◆ DATA SHOWN

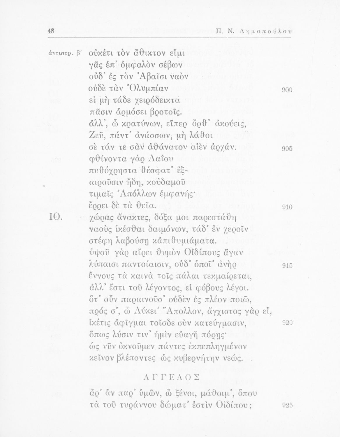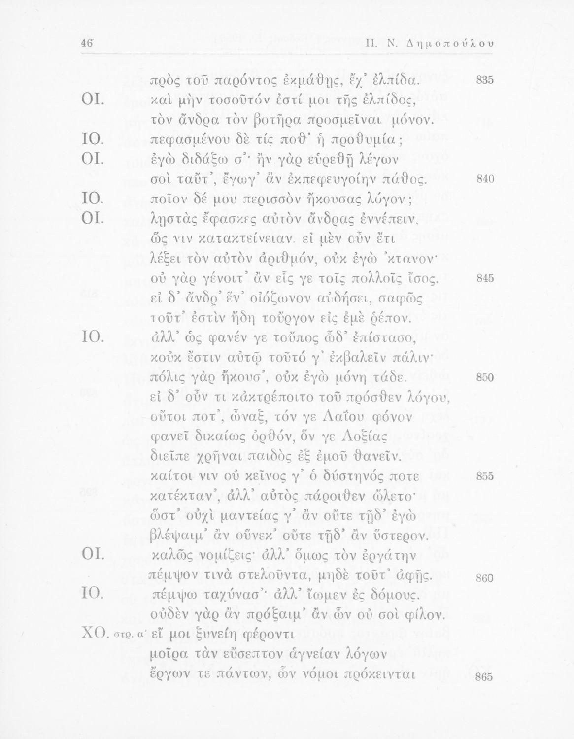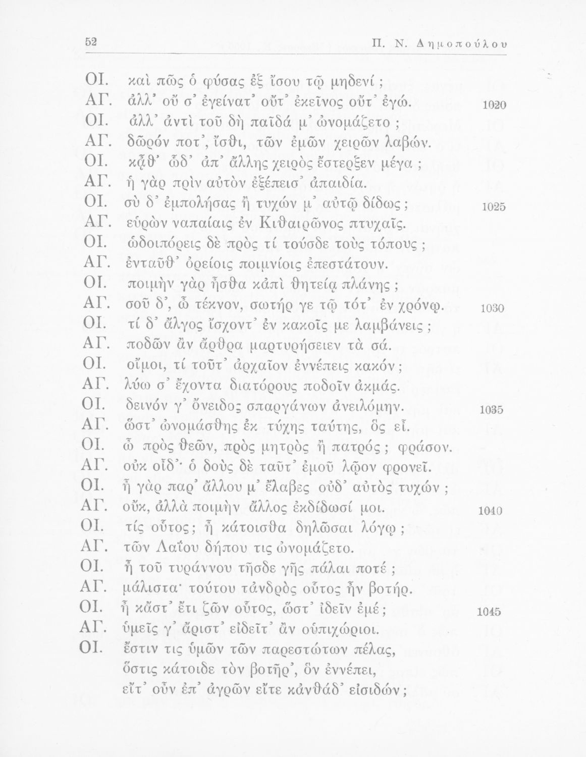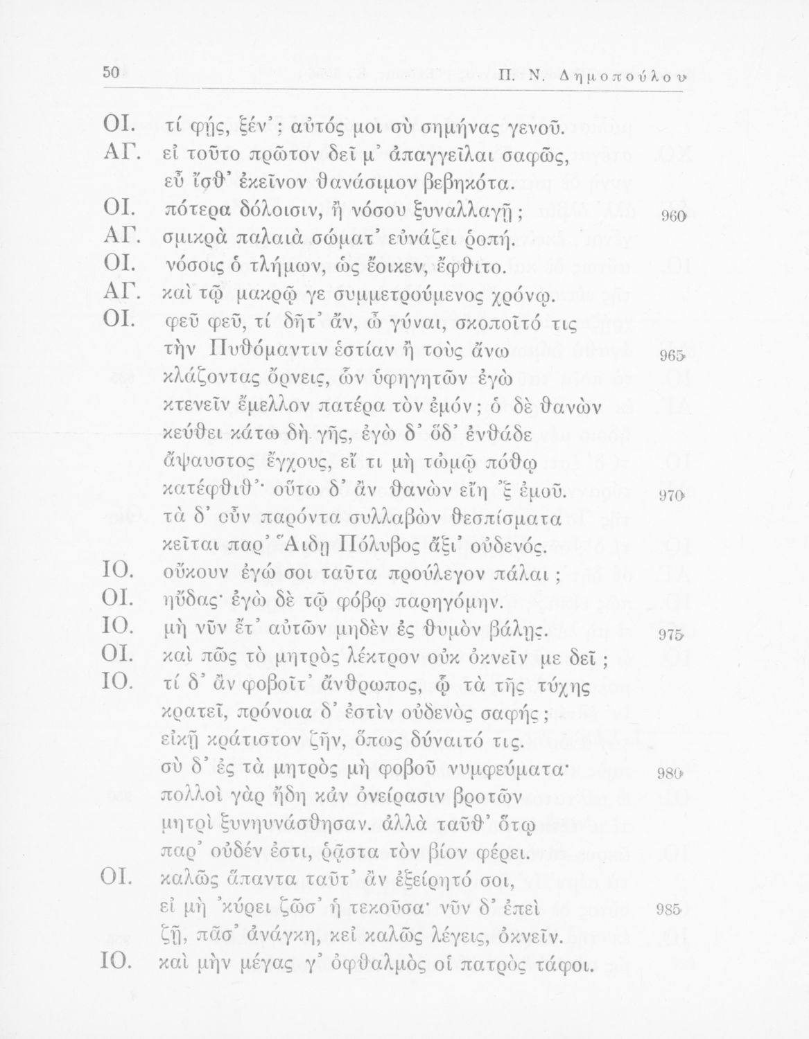 Σοφοκλής, Π. Ν Δημόπουλος (σχόλια)
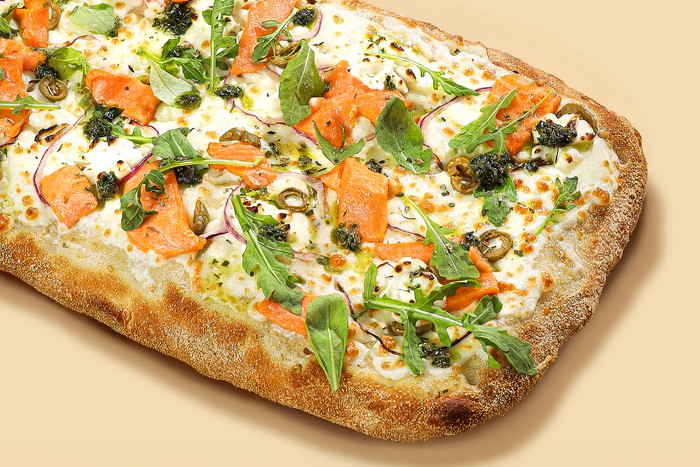 Лосось, сливочный сыр, руккола, оливки, красный лук, моцарелла, сливочный соус и соус песто
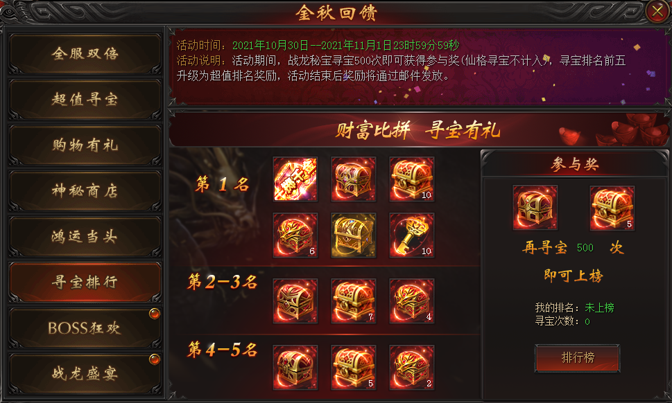 活动说明:活动期间,战龙秘宝寻宝500次即可获得参与奖,寻宝排名前五升级为超值排名奖励,活动结束后奖励将通过邮件发放。
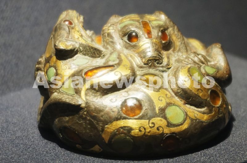 2024年12月19日,在良渚博物院展出的西汉错金银嵌宝石铜镇。
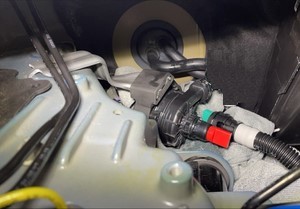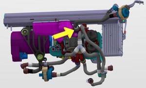 Install clip securing the supermanifold to battery pump supply hose onto LV battery
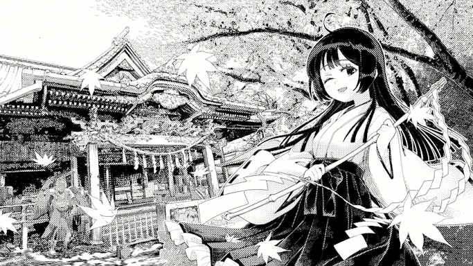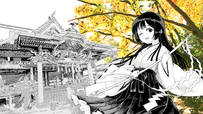 Cette fois, je vais dessiner le fond derrière ce personnage de miko en utilisant ces deux photos que j'ai prises avec mon smartphone. Ce sont des photos d'un sanctuaire et de feuilles d'automne.
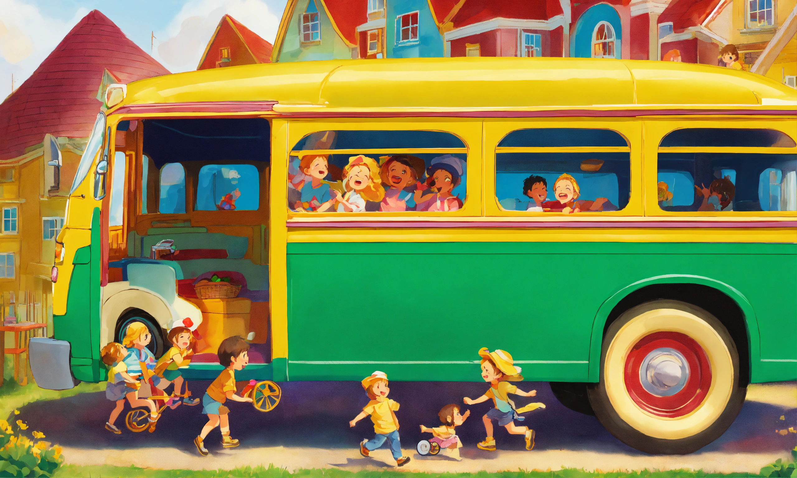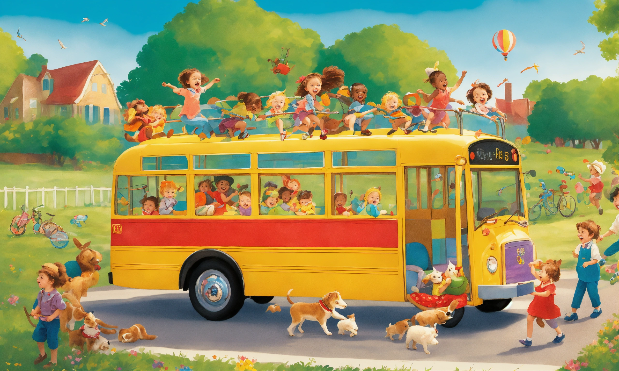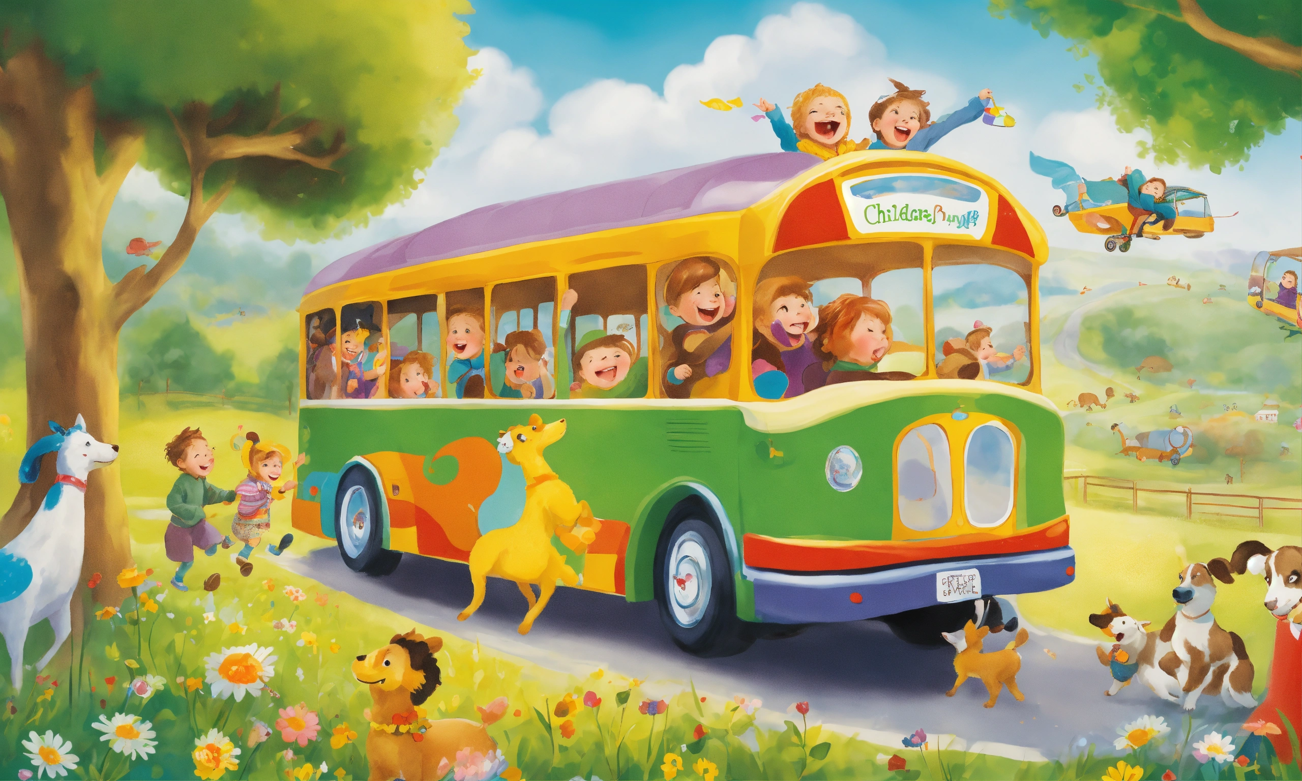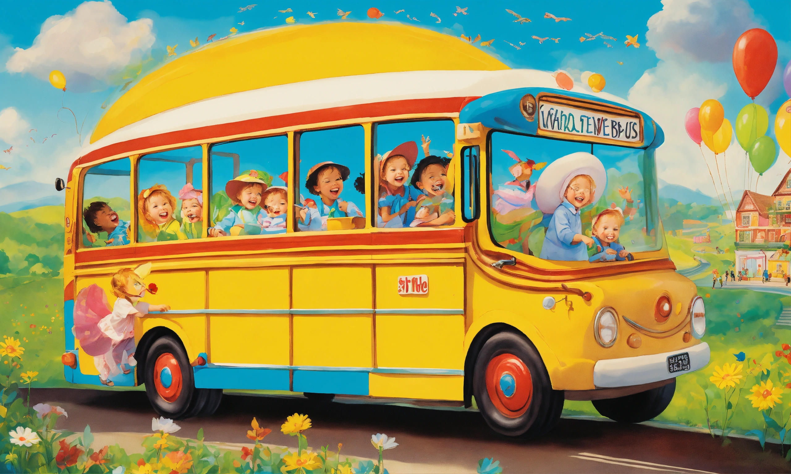 "produce an engaging and colorful illustration that captures the joyful spirit of the nursery rhyme 'the wheels on the bus.' the central focus should be on a whimsical, brightly colored bus with large, friendly wheels that are indeed going 'round and round.' surround the bus with a cheerful scene that includes smiling children and adults, each engaged in a playful and interactive way. the image should radiate a sense of fun, movement, and camaraderie, evoking the lively and charming essence of the classic children's song."

◆ PROBLEM TO SOLVE
None of the pictures should appear; the rest of the entries must be reproduced exactly.

◆ ANSWER BOX
 Σοφοκλής, Π. Ν Δημόπουλος (σχόλια)
 Лосось, сливочный сыр, руккола, оливки, красный лук, моцарелла, сливочный соус и соус песто
 活动说明:活动期间,战龙秘宝寻宝500次即可获得参与奖,寻宝排名前五升级为超值排名奖励,活动结束后奖励将通过邮件发放。
 2024年12月19日,在良渚博物院展出的西汉错金银嵌宝石铜镇。
 Install clip securing the supermanifold to battery pump supply hose onto LV battery
 Cette fois, je vais dessiner le fond derrière ce personnage de miko en utilisant ces deux photos que j'ai prises avec mon smartphone. Ce sont des photos d'un sanctuaire et de feuilles d'automne.
 "produce an engaging and colorful illustration that captures the joyful spirit of the nursery rhyme 'the wheels on the bus.' the central focus should be on a whimsical, brightly colored bus with large, friendly wheels that are indeed going 'round and round.' surround the bus with a cheerful scene that includes smiling children and adults, each engaged in a playful and interactive way. the image should radiate a sense of fun, movement, and camaraderie, evoking the lively and charming essence of the classic children's song."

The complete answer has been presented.